The only downside I've found to running carbon wheels full time is that they're not that great at stopping in the rain. But they brake better in dry than my aluminum wheels, they're very durable, stiff, and have that cool carbon whoosh sound. I see no reason to run anything other than carbon wheels full time except in the spring when the roads are covered in salt


----------



## homebrew (Oct 28, 2004)

my road bikes have just seen carbon rims for several years now. I however do not feel that carbon clinchers are a good idea yet. At least if your doing very fast descents and othe extreme stuff. Heat issue can lead to the tire over inflating to the point of blowing off. Yes you can also have issues with over heated aluminium but IMO this is magnified with carbon clincher rims. Its all horses for courses so if your just riding in flat areas I see little problem. I however will stick with tubular tires. Yes I train on them (12000 miles + last year) and yes I can change a flat in about the same time as a clincher. Not trying to convince anyone, just saying it's doable

cheers


----------



## natethomas2000 (Aug 2, 2009)

These are one of the wheelsets I'm considering for my next bike. 41mm deep semi-aero clinchers.
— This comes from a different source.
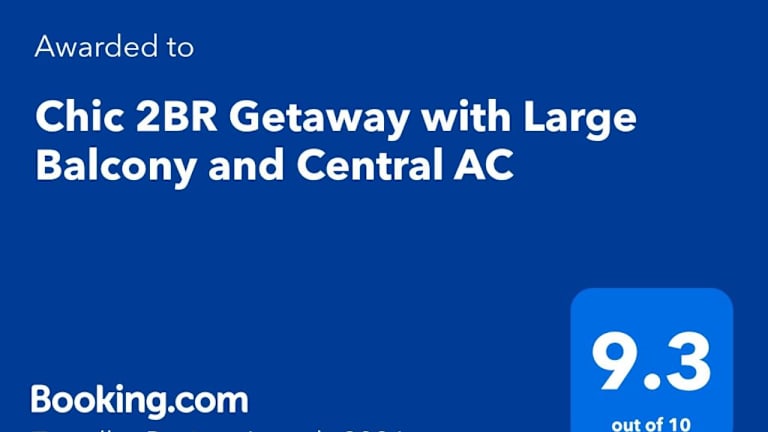 Die Unterkunft Chic 2BR Getaway with Large Balcony and Central AC bietet Übernachtungsmöglichkeiten in einer modernen Ferienwohnung mit einem grossen Balkon und zentraler Klimaanlage. Zu den Annehmlichkeiten zählen ein Aussenpool, eine Terrasse sowie kostenloses WLAN.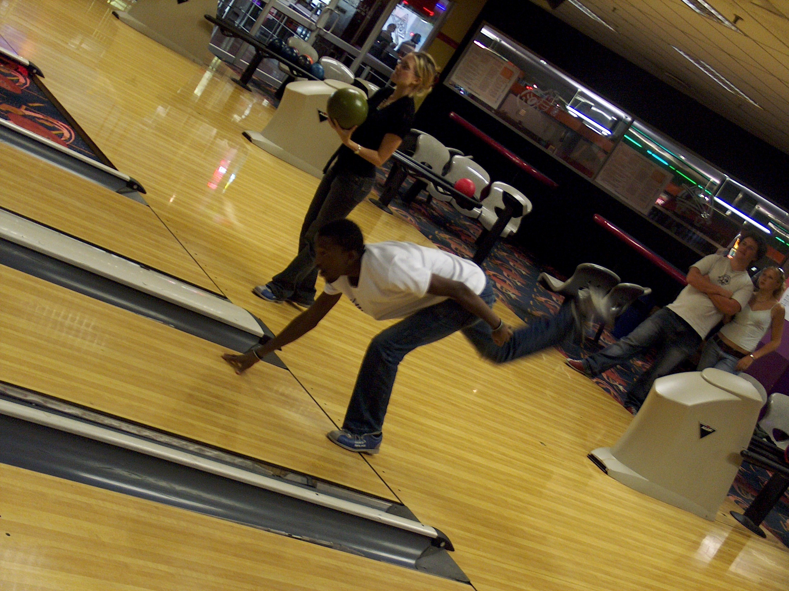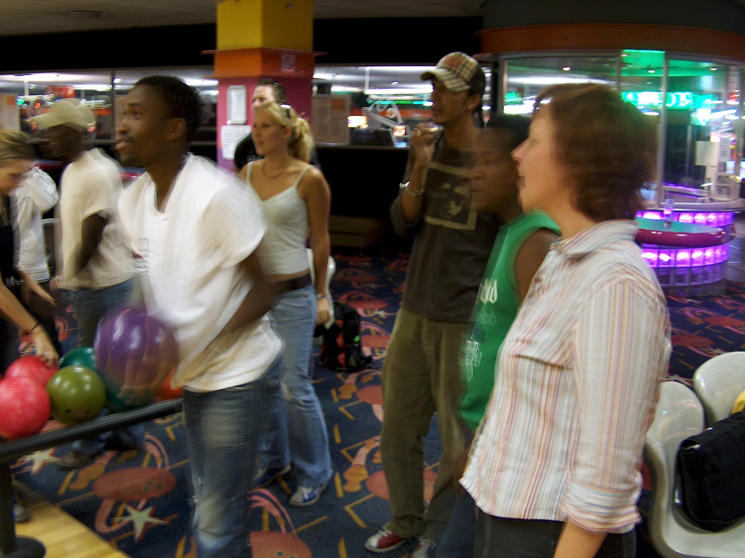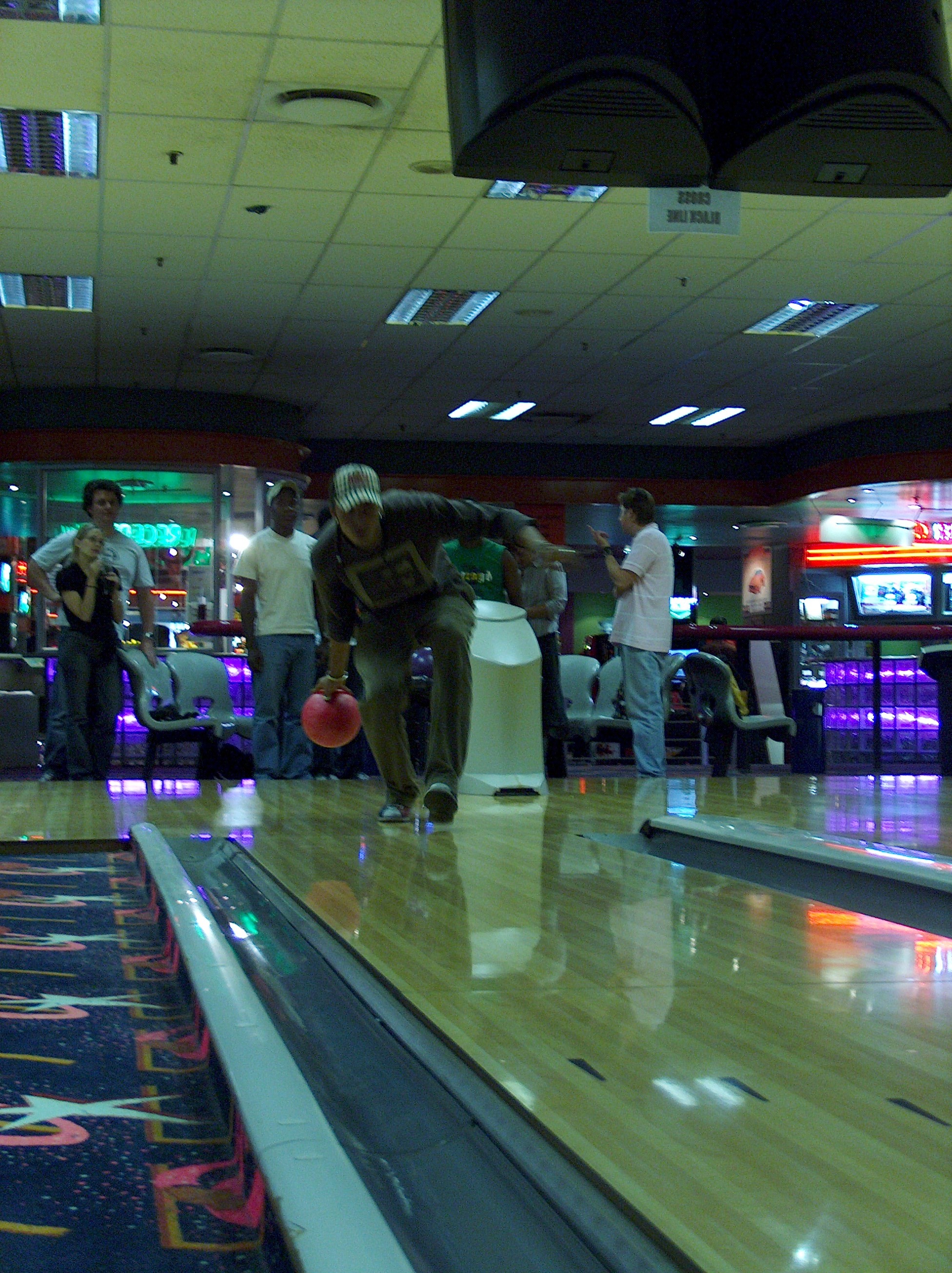 The bowling alley is inside an arcade in the Mall. The lighting is dim, and the environment is noisy, with the ambient sounds of pin’s falling and shooting games, and sudden bells ringing. There is a constant background hum of ‘musac’ to try softening the din created by all those arcade games. Upon arrival at the bowling alley, we were asked to perform several tasks, including purchase tickets at one counter and then receive “bowling shoes” from another counter, with the tickets we had just purchased. The receptionist divided the group into two, because there were too many of us to use just one alley. Interestingly, these two groups [created arbitrarily by the receptionist] at once behaved in competition with each other, even though we were not engaging in competitive sports.

Decent price, but a little heavy at 1680 grams.

https://www.bikesoul.com/s4.html


----------



## Keeping up with Junior (Feb 27, 2003)

*Racey*



MJCBH said:


> FWIW - I would love to find a set of wheels that I could train and race with that would be a good mix between lightweight for climbing and semi-aero for road races. I'm a lightweight rider and does a lot of climbing.


Well most racers I know have multiple sets of wheels for training or different types of races and race conditions so you may want to rethink the one size fits all approach and the compromises that come with it.

If you are doing a lot of climbing then lightweight will be a factor but remember that most rides/races with a lot of climbing also include a lot of descending so think about braking on those descents.

In the pros/cons you did not list the fashion component. That is a big factor for a lot of people and not to be overlooked. Some people really like the look of some deep carbon rims while others prefer a traditional set of handbuilts. Think about what you like and who elses (if anyones) opinion you might care about.


----------



## spade2you (May 12, 2009)

I think another possible issue is that you train on heavier wheels because they're dang near bomb proof and the extra weight often forces you to train a little harder. Simply putting on a nice set of race wheels seems to make you go a little faster than normal, either by performance or the placebo effect. 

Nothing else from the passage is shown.